Best Music Production Setup for Beginners 2022
I wanted to write a little something for all the upcoming beatmakers/producers that are looking to get into the crazy world of music production. I have been making music for 4 years now and learned a lot. I wanted to list off a few things that I wish I would have known when I started particularly with buying gear to start with and a lot of misconceptions that I’ve been reading/watching about.
I started with a cheap M-audio 2×2 interface, Yamaha HS7 Monitors (bought used at a steal), Rode NT1A, and the Audio Technica. I didn’t buy everything at once, I picked it all up within 2 months.
The first thing I upgraded was my headphones, as I was commuting a lot between home and school (and spent a lot of my time producing at school) I picked up the Beyerdynamic DT 770 & 990. I upgraded within my first 6 months of producing.
Here is a short guide on entry-level gear that I have tried and can recommend for someone who wants to get the most of their gear with a little explanation on why on choose certain gear (all prices are from amazon and can probably be found even cheaper).
I’m assuming you have a computer, doesn’t even need to be powerful.
The first thing I would recommend is headphones & DAW. For the first year of production, I barely used a microphone (and when I did, I never ended up keeping the song) and didn’t have monitors. I was doing everything with headphones anyways but I had spent $300 on an interface and a microphone that got little to no use. If you’re just getting started and not sure how far you want to take this, headphones are your best bet.

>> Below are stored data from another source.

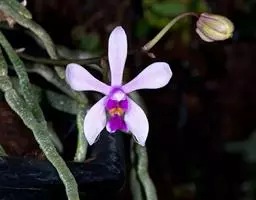 长叶山兰:假鳞茎椭圆形至近球形,有2-3节,外被撕裂成纤维状的鞘。叶2枚,偶有1枚,生于假鳞茎顶端…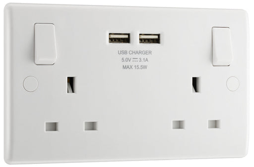 BG 822UAC12 White Round Edge 13A Double Switched Power Socket + USB A+C (12W)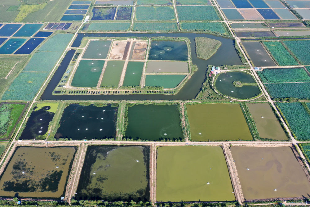 2024年8月13日在山西省臨猗縣薛公村拍攝的蟹塘(無(wú)人機(jī)照片)。薛公村位于黃河岸邊,有5000多畝黃河灘涂和近5000畝荒溝。當(dāng)?shù)赝ㄟ^(guò)將荒溝和灘涂進(jìn)行整合,發(fā)展特色水產(chǎn)養(yǎng)殖,讓守著黃河水、住在黃河灘的薛公村村民有了新的致富路。

Here are a few headphones I recommend.
Audio Technica’s ATH M30x ($69.00)
These things are light, super portable and built like a tank, and sound pretty good for the money. They have a hype (artificially boosted frequencies) in the lower in mid to bass range. Keeping that in mind when you mix, you can get some pretty good results. They are closed-back headphones, meaning you won’t be able to hear the outside world (good for when you’re on the go). I don’t think you can wrong with these.
Check it out here.
These are also very light, super portable, and maybe a little more flimsy feeling compared to the AT. They are kind of the opposite in terms of frequency response compared to the AT, slightly lacking in bass, much cleaner higher frequencies. They are more natural sounding. They are open back, meaning you can hear the outside world, but has a better sound stage in an appropriately quiet room.
There are a lot of DAW choices out there, some producers use a combination of Protools & Reaper (for vocals/live recording) and Ableton for most straight production works. For the most part, DAW choices don’t really matter. Most of them are feature-rich and have their own workflow. Experimentation is key. Most daws have a demo version that you can try for free and figure out which ones suit your needs and production style.

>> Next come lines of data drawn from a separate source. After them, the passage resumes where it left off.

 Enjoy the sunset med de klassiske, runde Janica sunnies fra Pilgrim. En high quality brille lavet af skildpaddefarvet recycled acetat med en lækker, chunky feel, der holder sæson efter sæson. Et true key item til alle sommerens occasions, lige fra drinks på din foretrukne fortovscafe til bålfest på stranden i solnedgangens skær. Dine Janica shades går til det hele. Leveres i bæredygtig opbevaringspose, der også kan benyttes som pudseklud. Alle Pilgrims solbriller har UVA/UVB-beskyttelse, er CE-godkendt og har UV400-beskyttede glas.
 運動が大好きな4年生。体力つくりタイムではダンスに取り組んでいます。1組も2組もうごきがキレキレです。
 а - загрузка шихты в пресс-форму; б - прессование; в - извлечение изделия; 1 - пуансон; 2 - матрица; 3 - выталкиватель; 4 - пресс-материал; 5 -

A lot of people recommended Bandlab (it’s free) so it’s good to check that out too.
So at this point, you’ve been making music while and you’re ready to invest a little bit more.
An audio interface is what you want next. Not only will it allow you to output sound to a set of Studio Monitors but it will also allow you to record vocals and instruments. It will also process all audio through the unit as opposed to the one built into your laptop (which is usually pretty bad).
The first thing to do is assess what you need out of an interface. Do you plan on recording more than 1 thing at a time like a drum kit? Do you want Midi in/out? Etc.
A few I can recommend.
This thing is an absolute monster of a machine, it packs very clean microphone preamps and is extremely portable. The build quality overall is pretty good but it is made of plastic and can be a little better. The smart gain feature is really helpful for new people, it will auto-set the gain for your microphone to get the best possible recording.
Similarly, for $30 less, you can get the highly regarded Focusrite 2i2 3 ($159) with very similar features with an added “Air” Filter which is usually found in Focusrite higher-end products. All-metal chassis, I could probably throw it against a wall and it would still work (I don’t recommend doing that though).
From here you can either get Studio monitors or a microphone. Unless you are wanting to start recording vocals, I would recommend basic studio monitors over a microphone. I find production a lot more fun and intuitive with speakers.
For super affordable speakers, I would highly recommend the Presonus Eris 3.5 ($119.99). They are great for the size and can output without distorting at high volumes. overall pretty great for the price.
If you’re willing to spend a little bit more, I would recommend the JBL 308P ($558.00). These are bigger than Presonus (8″), they pack more bass response and are pretty flat monitors that translate very well.
Lastly, for a microphone, I would recommend starting with the MXL 990 (~$100). It hits way above its weight class and sounds great for vocals and acoustic guitar.
I hope this gives you a good starting point on how to upgrade your setup. But always remember that you don’t necessarily need these pieces of equipment to become a good music producer.